───── Record excerpts ─────

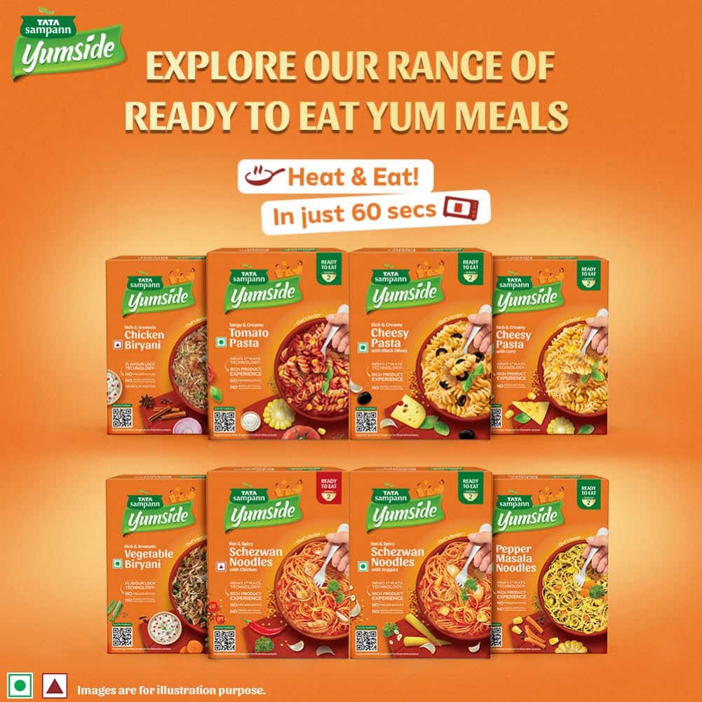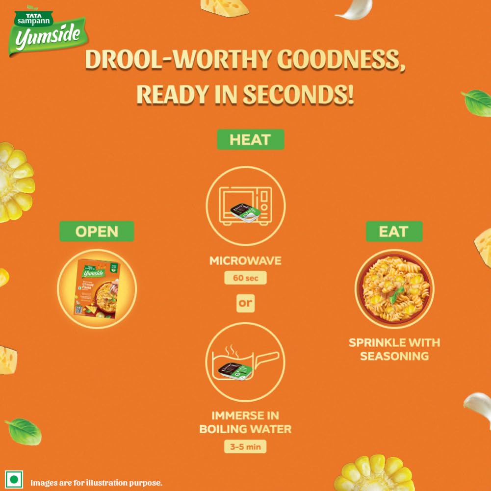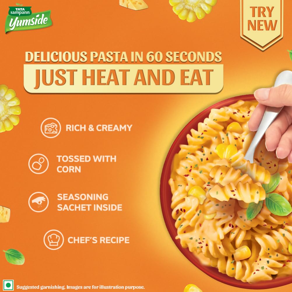 YUM MEAL WITH GOODNESS - An instant solution to your cravings! Looking for an instant and convenient way to kill those hunger pangs? Your search ends with Tata Sampann Yumside ready to eat meals which are made from high-quality ingredients and curated by professional chefs. Loaded with Corn and tossed in cheese sauce this rich and creamy instant pasta will satisfy your pasta cravings anytime! For times when you or your family crave something delicious for lazy days for treat days for days when you're running out of time for days when you just want to have more time for life! - This ready-to-eat meal comes to the rescue. All you have to do is heat the pack in the microwave for 60 seconds or immerse the tray in hot water for 3-5 mins and your instant meal is ready! Doesn't it sound great? Sprinkle the seasoning from the sachet mix well and enjoy! Enjoy a rich experience Tata Sampann Yumside ready-to-eat instant pasta is sealed with care using India's first Microwave Assisted Thermal Sterilization (M.A.T.S) Technology to offer you a rich product experience. For a delicious twist sprinkle the mixed herb seasoning provided with the pack. Storage Instructions: Store in a cool and dry place. It does not require refrigeration. Consume immediately once the pack is opened. Do not consume if the inner pack is puffed bloated or leaked.
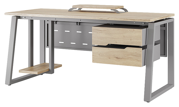 Офисный стол Кобор TS1-120/80 aluminum/natural используется в офисных помещениях и кабинетах руководителей. Модель оснащена опорами в форме наклонной трапеции. Каркас выполнен из металла, выкрашенного в цвет алюминиевый металлик (RAL9006), столешница – из ламинированной древесно-стружечной плиты (ЛДСП) цвета натуральный дуб (H1180 ST37). Опции (заказываются отдельно):
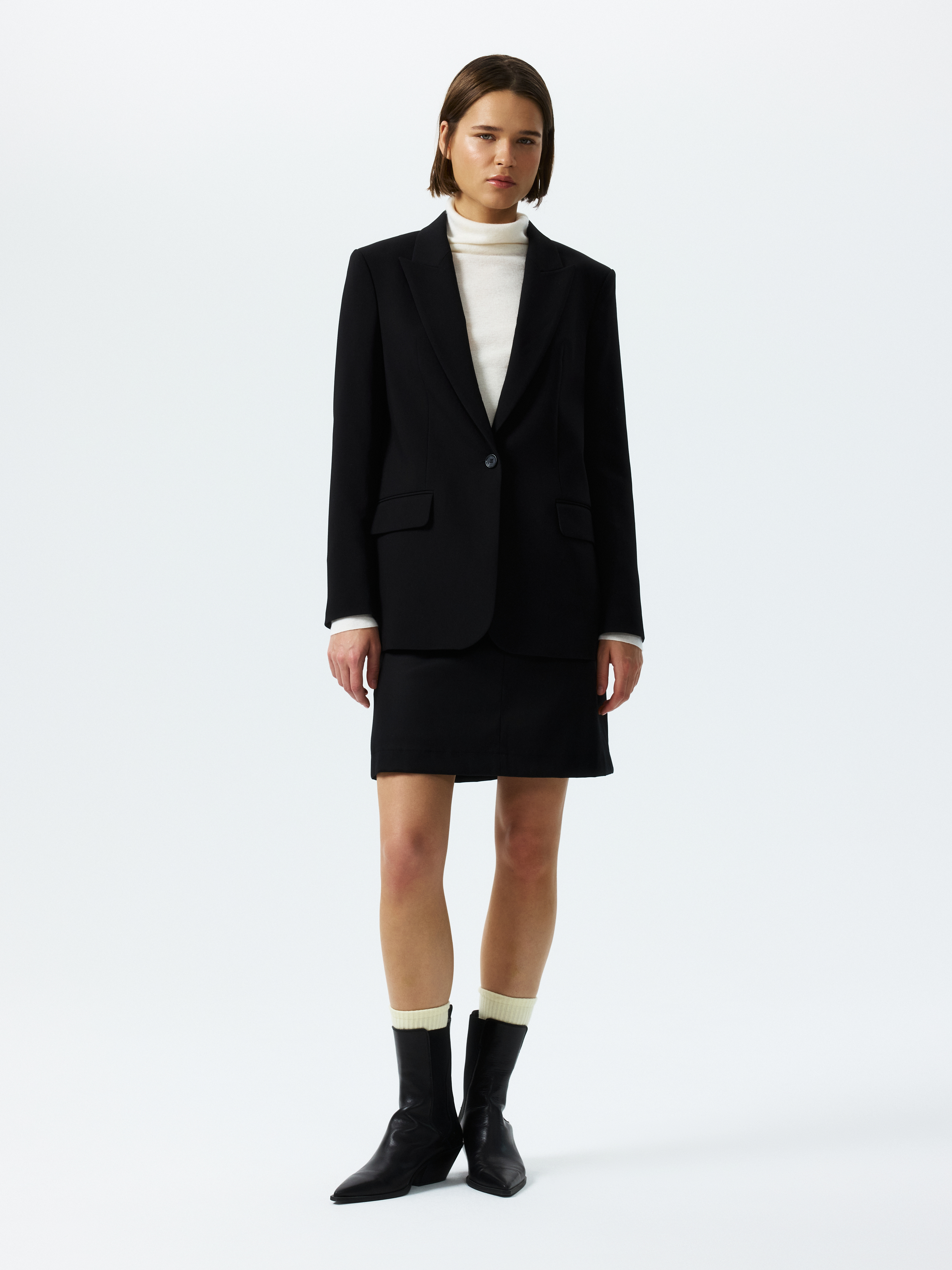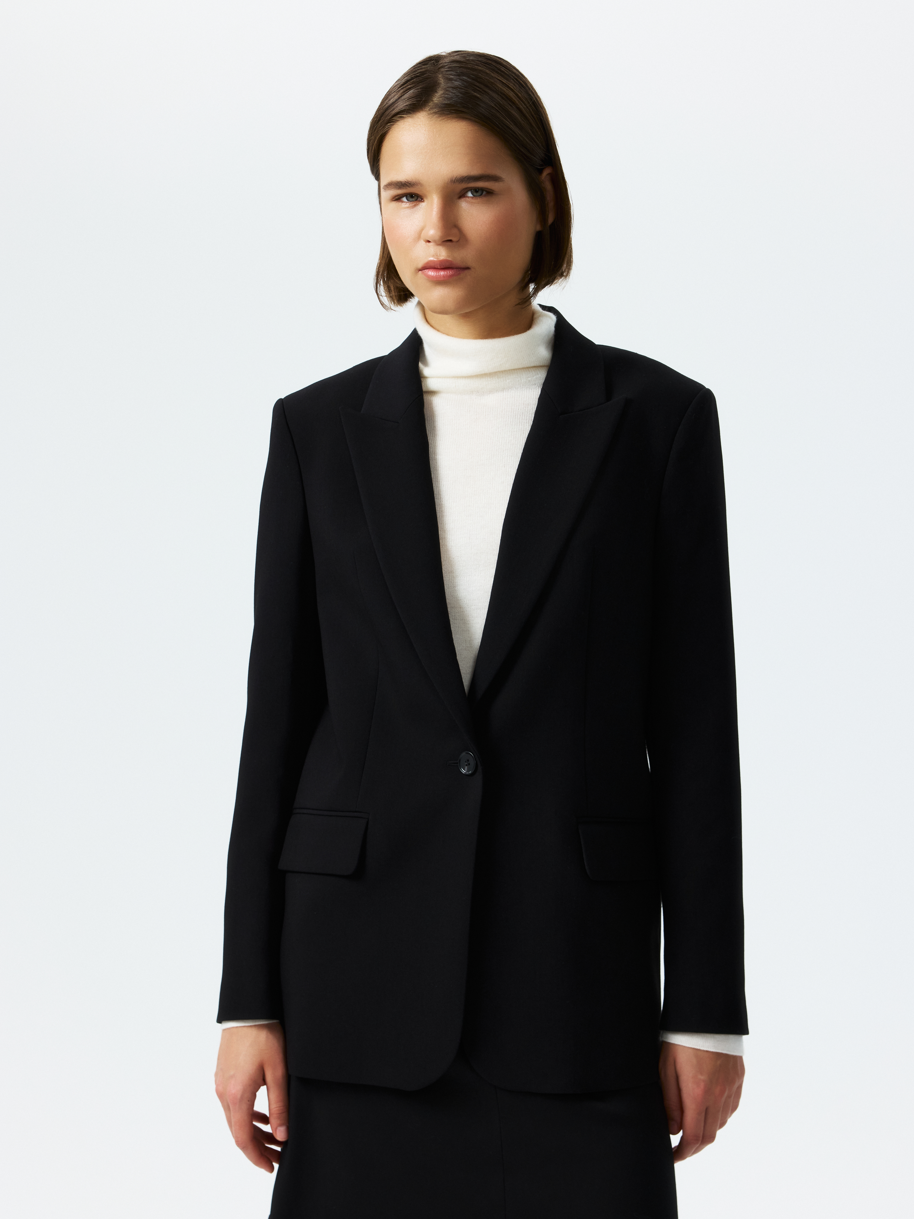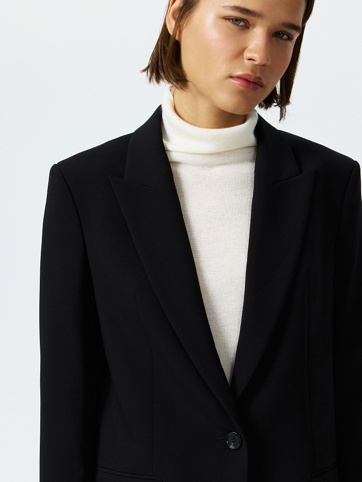 Жакет в классическом стиле – маст-хэв для офисного и повседневного гардероба. Костюмный текстиль средней плотности не мнется и не прихотлив в уходе, а гладкая подкладка дарит комфортное прилегание. Чтобы составить полноценный деловой образ, выбирайте брюки из аналогичного материала.
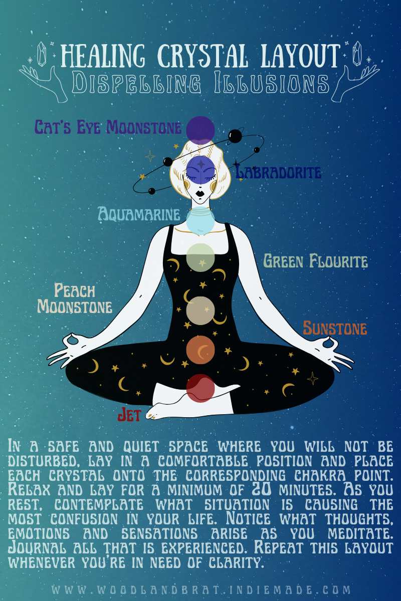 This healing layout below was created to assist in dispelling illusions. Sometimes we have a hard time connecting to our intuition due to external influences clouding our internal sight. The crystals utilized in this layout are commonly used for removing hooks (energetic influences) from the mind, emotions, spirit and body; stimulate intuition and ground one’s energy.
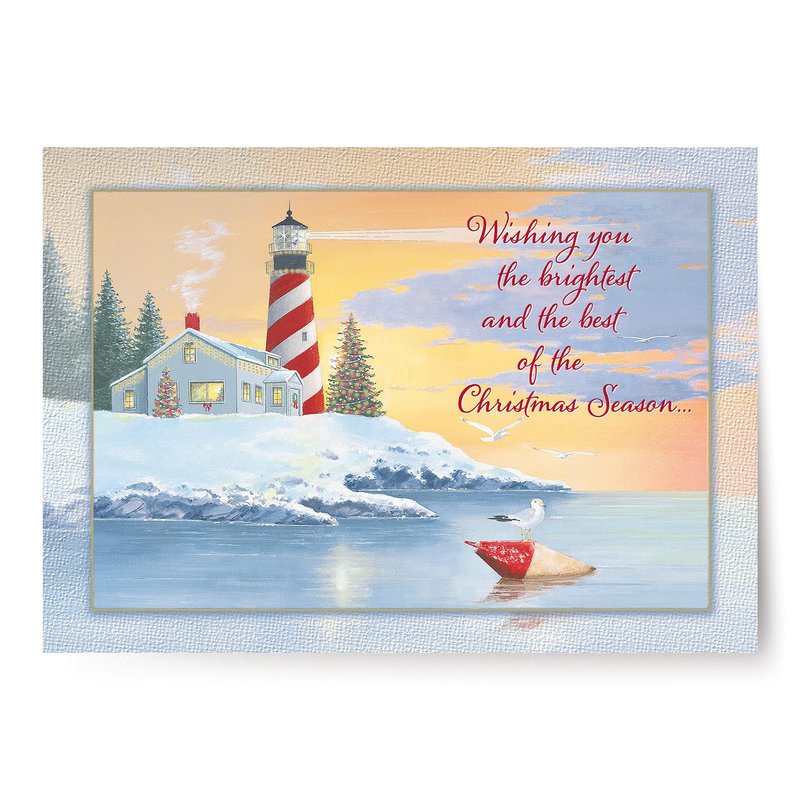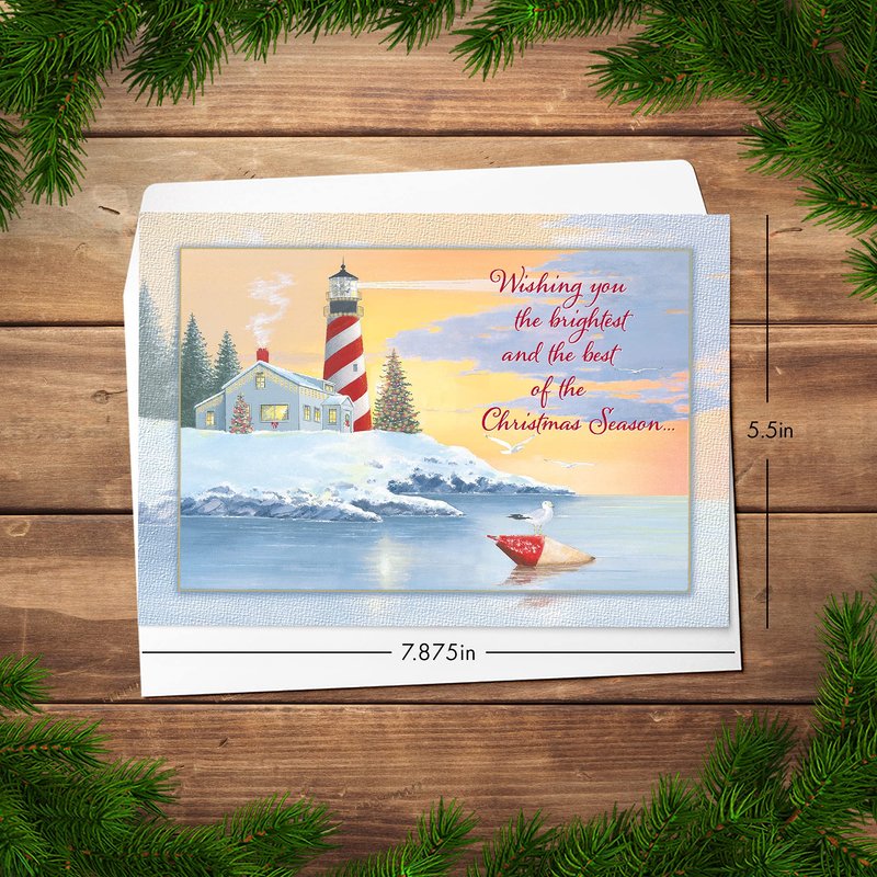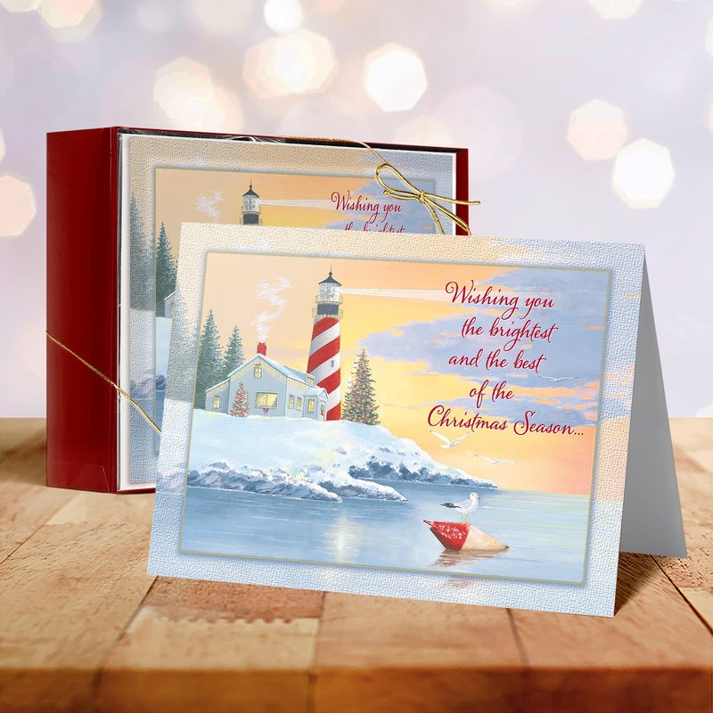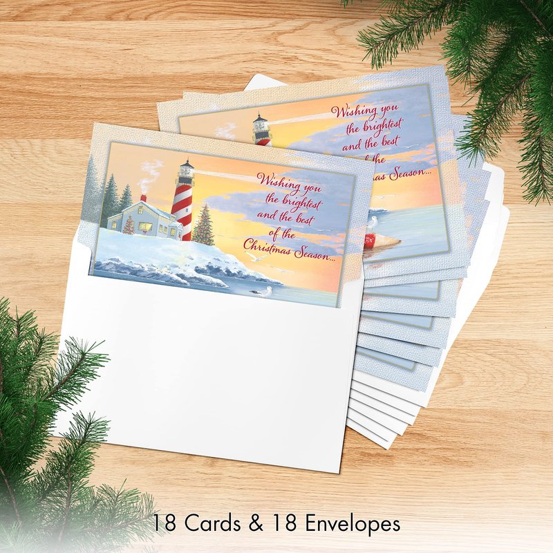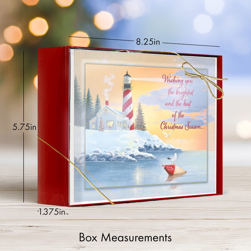 Designer Greetings Red Farm Studios Boxed Christmas Cards, Snowy Lighthouse Coastline (Box of 18 Nautical/Coastal Holiday Cards with White Envelopes), (125-00848-000)
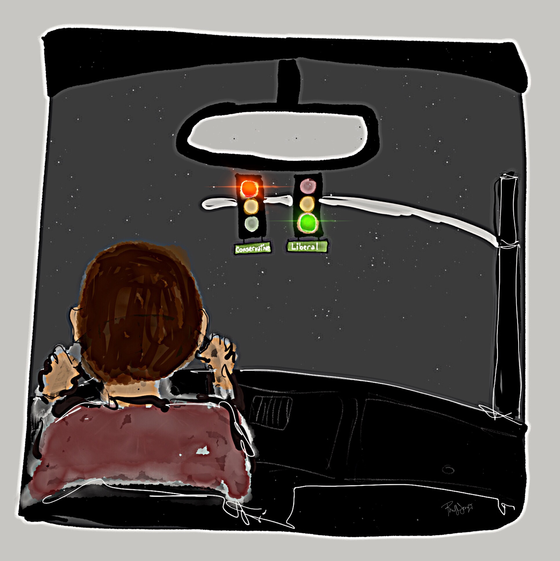 iPad art, Paper 53 or Paper 4 not sure anymore, iColorama to sharpen, Procreate to illuminate the red and green lights, Apple Pencil.
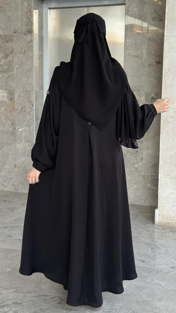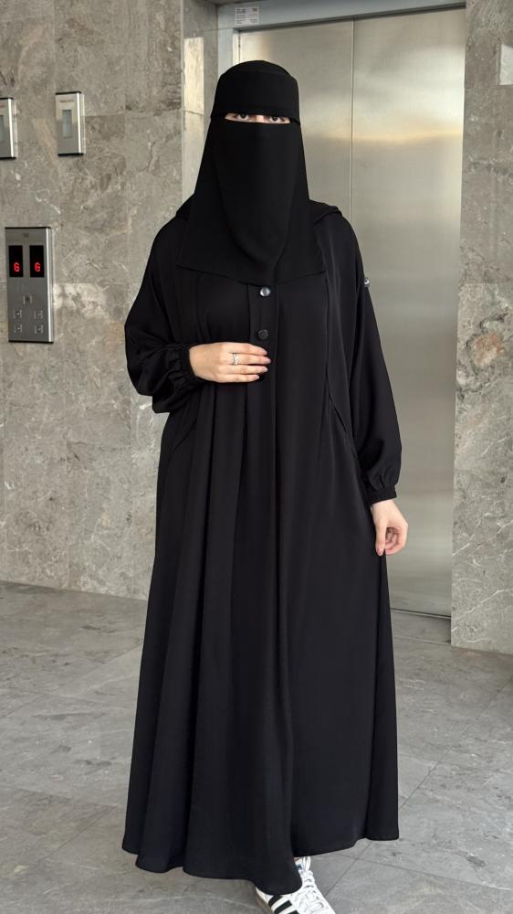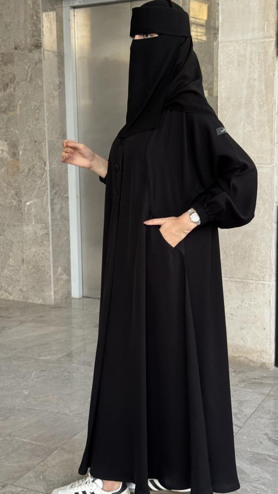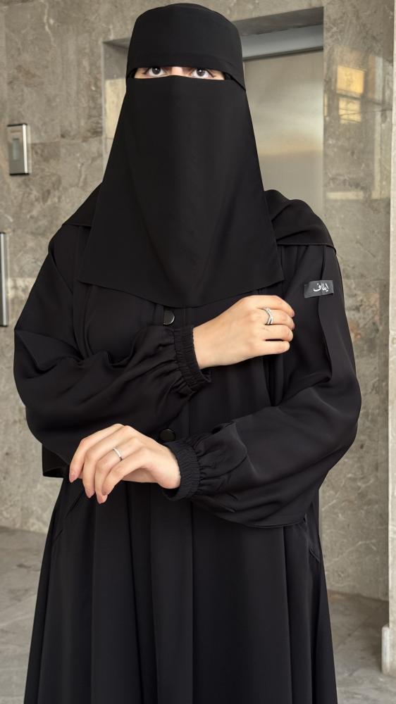 - طول العباية يؤخذ من الكتف الى أسفل الكعبين (من الأمام)

─────

- Task to carry out: Output the line that contains "iPad art, Paper" and every subsequent line through the end of the entries, exactly as given, without pictures.

- Solution for this task:
 iPad art, Paper 53 or Paper 4 not sure anymore, iColorama to sharpen, Procreate to illuminate the red and green lights, Apple Pencil.
 - طول العباية يؤخذ من الكتف الى أسفل الكعبين (من الأمام)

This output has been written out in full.